DIRECTIONS
Without including any pictures, write out the listing below exactly.

DATA BELOW

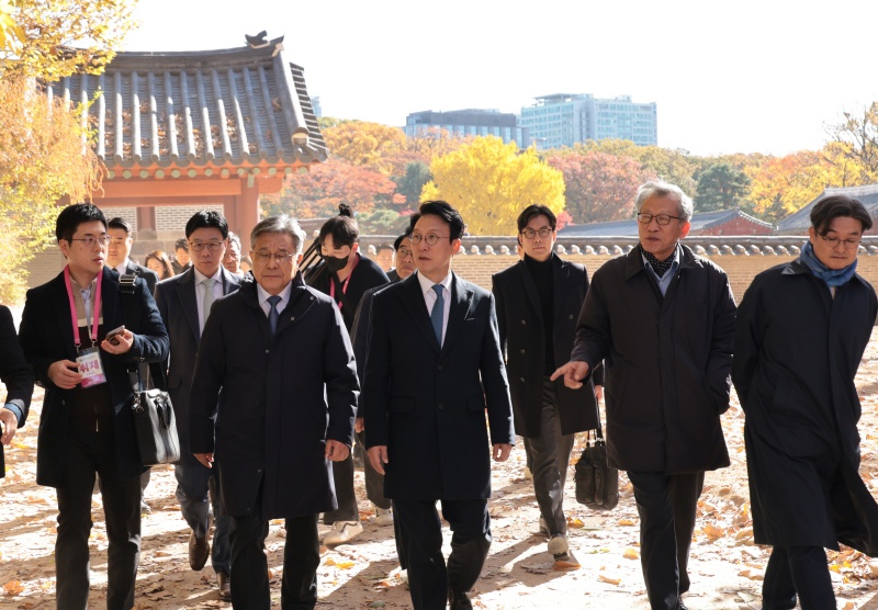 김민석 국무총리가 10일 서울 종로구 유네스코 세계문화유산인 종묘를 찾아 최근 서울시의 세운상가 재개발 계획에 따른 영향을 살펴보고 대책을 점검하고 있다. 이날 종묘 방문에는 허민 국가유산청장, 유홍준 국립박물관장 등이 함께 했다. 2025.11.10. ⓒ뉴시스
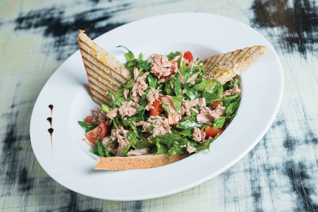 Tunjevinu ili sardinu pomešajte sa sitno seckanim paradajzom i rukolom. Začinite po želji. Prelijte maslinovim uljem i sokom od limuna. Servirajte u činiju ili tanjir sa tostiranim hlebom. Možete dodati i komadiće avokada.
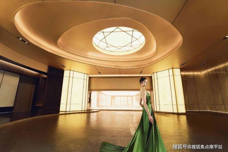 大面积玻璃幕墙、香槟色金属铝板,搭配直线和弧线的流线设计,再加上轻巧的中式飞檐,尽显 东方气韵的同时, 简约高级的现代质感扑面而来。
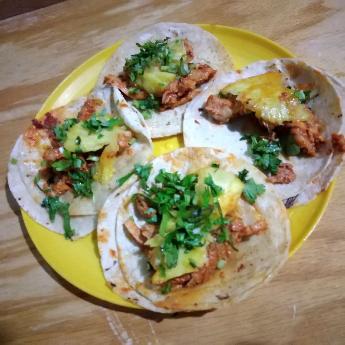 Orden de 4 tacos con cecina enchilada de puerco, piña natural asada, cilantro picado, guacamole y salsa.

ANSWER BOX
 김민석 국무총리가 10일 서울 종로구 유네스코 세계문화유산인 종묘를 찾아 최근 서울시의 세운상가 재개발 계획에 따른 영향을 살펴보고 대책을 점검하고 있다. 이날 종묘 방문에는 허민 국가유산청장, 유홍준 국립박물관장 등이 함께 했다. 2025.11.10. ⓒ뉴시스
 Tunjevinu ili sardinu pomešajte sa sitno seckanim paradajzom i rukolom. Začinite po želji. Prelijte maslinovim uljem i sokom od limuna. Servirajte u činiju ili tanjir sa tostiranim hlebom. Možete dodati i komadiće avokada.
 大面积玻璃幕墙、香槟色金属铝板,搭配直线和弧线的流线设计,再加上轻巧的中式飞檐,尽显 东方气韵的同时, 简约高级的现代质感扑面而来。
 Orden de 4 tacos con cecina enchilada de puerco, piña natural asada, cilantro picado, guacamole y salsa.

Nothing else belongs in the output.